**What this task involves**
Print each entry again exactly as written, and keep the pictures out.

--- Information given ---

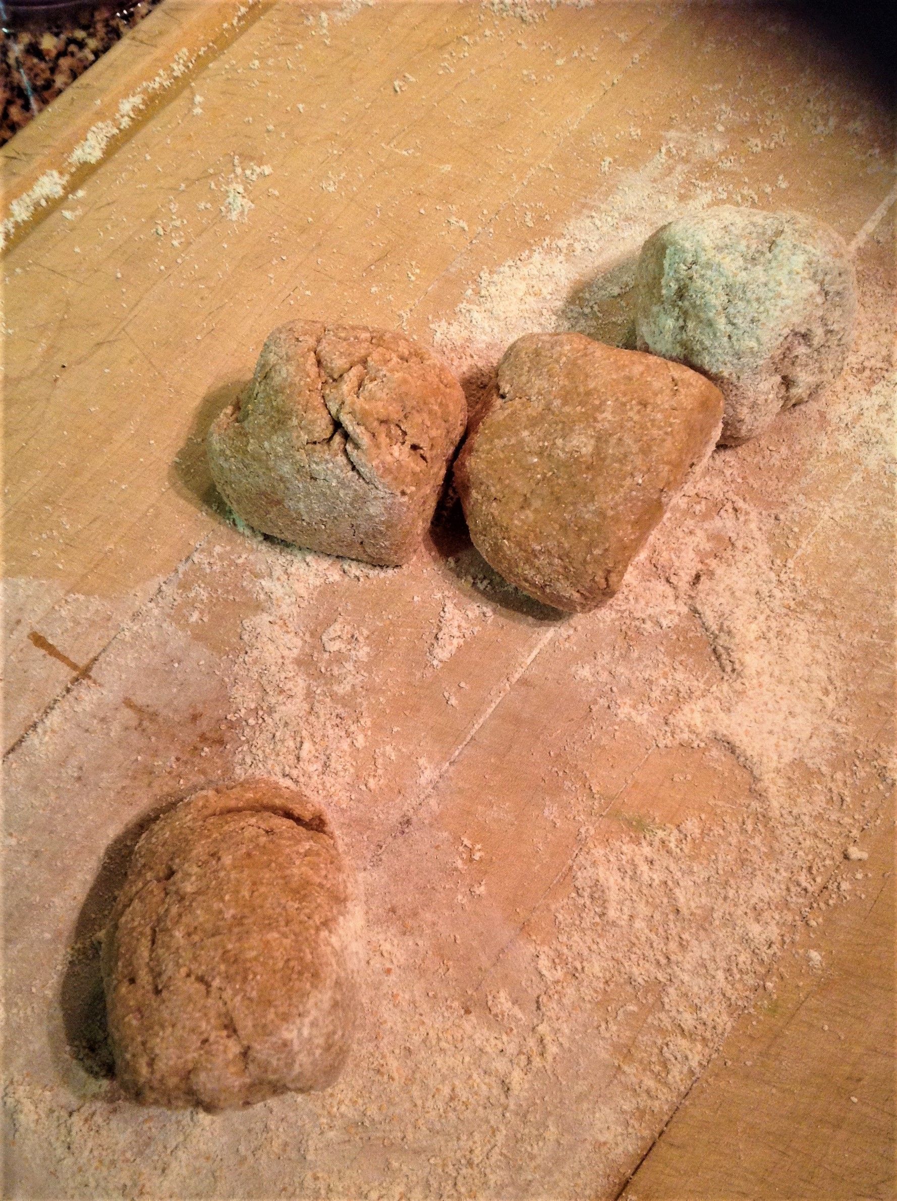 To make the Dough: Sift together the flour, salt, and spices into a mixing bowl. Add the 3/4 cup of water. Use a fork or whisk to start mixing. Use your hands to continue combining the water and flour. Once the two are incorporated, knead another minute or so.
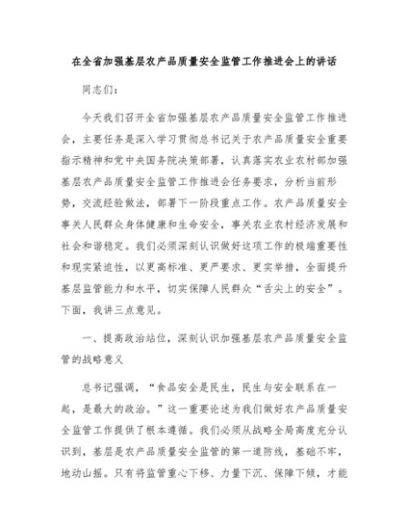 【七哥公文】2025年:在全省加强基层农产品质量安全监管工作推进会上的讲话+更多免费公文+VX:QiGeGongWen2024
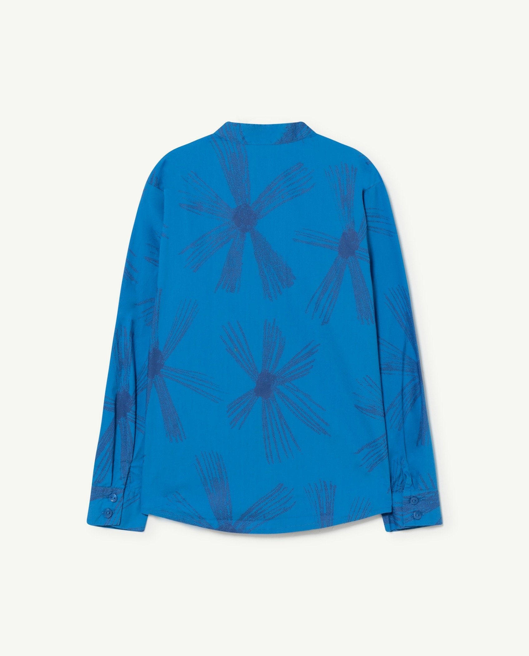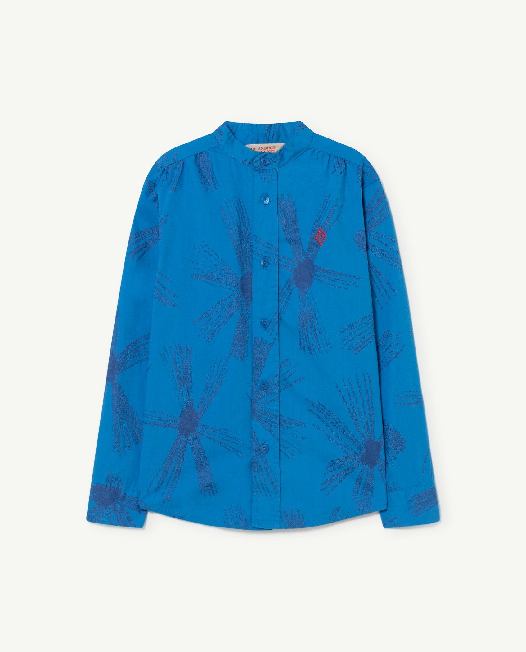 This Blue Scorpion Kids regular fit Shirt original deep blue prints all over. With button cuffs, a Mao collar and a small The Animals Observatory logo on the front side. The model's height is 131 cm and is wearing size 8 years.
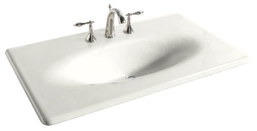 KOHLER K-3051-8-0 Iron/Impressions 37-Inch Cast Iron One-Piece Surface and Integrated Lavatory, White?K-3051-8-0 Finish: White, Faucet Holes: 8" Features: -Available with several faucet drillings.-Cast iron one-piece surface.-Delivering uncompromising durability.-KOHLER Cast Iron.-Seamless, one-piece design allows for easy cleaning.-Single-hole faucet drilling. Options: -Available in several finishes. Dimensions: -Overall Dimensions: 37-5/8''L x 22-1/4''W.
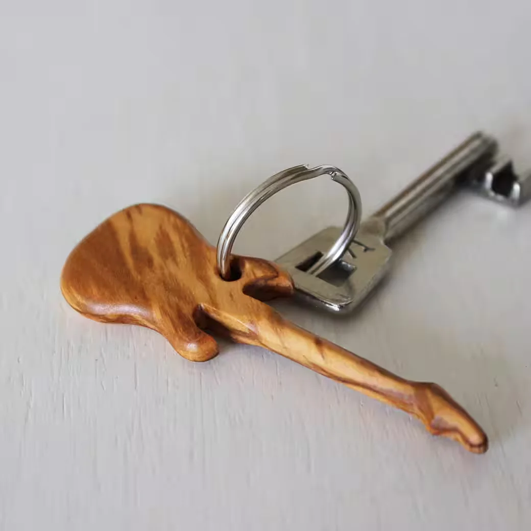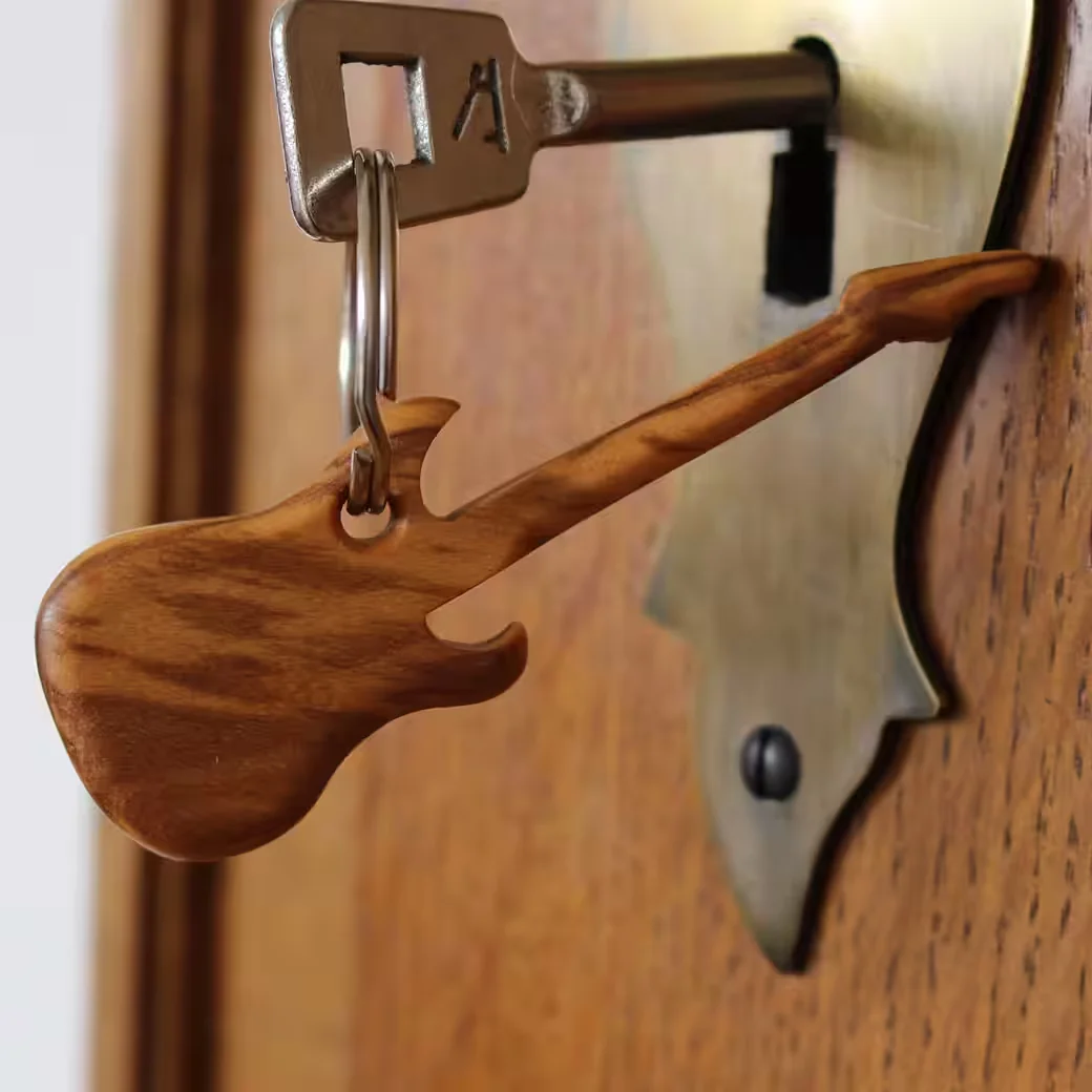 MITIENDA Schlüsselanhänger Holz E-Gitarre Gitarrenform

---

**Result of the exercise**
 To make the Dough: Sift together the flour, salt, and spices into a mixing bowl. Add the 3/4 cup of water. Use a fork or whisk to start mixing. Use your hands to continue combining the water and flour. Once the two are incorporated, knead another minute or so.
 【七哥公文】2025年:在全省加强基层农产品质量安全监管工作推进会上的讲话+更多免费公文+VX:QiGeGongWen2024
 This Blue Scorpion Kids regular fit Shirt original deep blue prints all over. With button cuffs, a Mao collar and a small The Animals Observatory logo on the front side. The model's height is 131 cm and is wearing size 8 years.
 KOHLER K-3051-8-0 Iron/Impressions 37-Inch Cast Iron One-Piece Surface and Integrated Lavatory, White?K-3051-8-0 Finish: White, Faucet Holes: 8" Features: -Available with several faucet drillings.-Cast iron one-piece surface.-Delivering uncompromising durability.-KOHLER Cast Iron.-Seamless, one-piece design allows for easy cleaning.-Single-hole faucet drilling. Options: -Available in several finishes. Dimensions: -Overall Dimensions: 37-5/8''L x 22-1/4''W.
 MITIENDA Schlüsselanhänger Holz E-Gitarre Gitarrenform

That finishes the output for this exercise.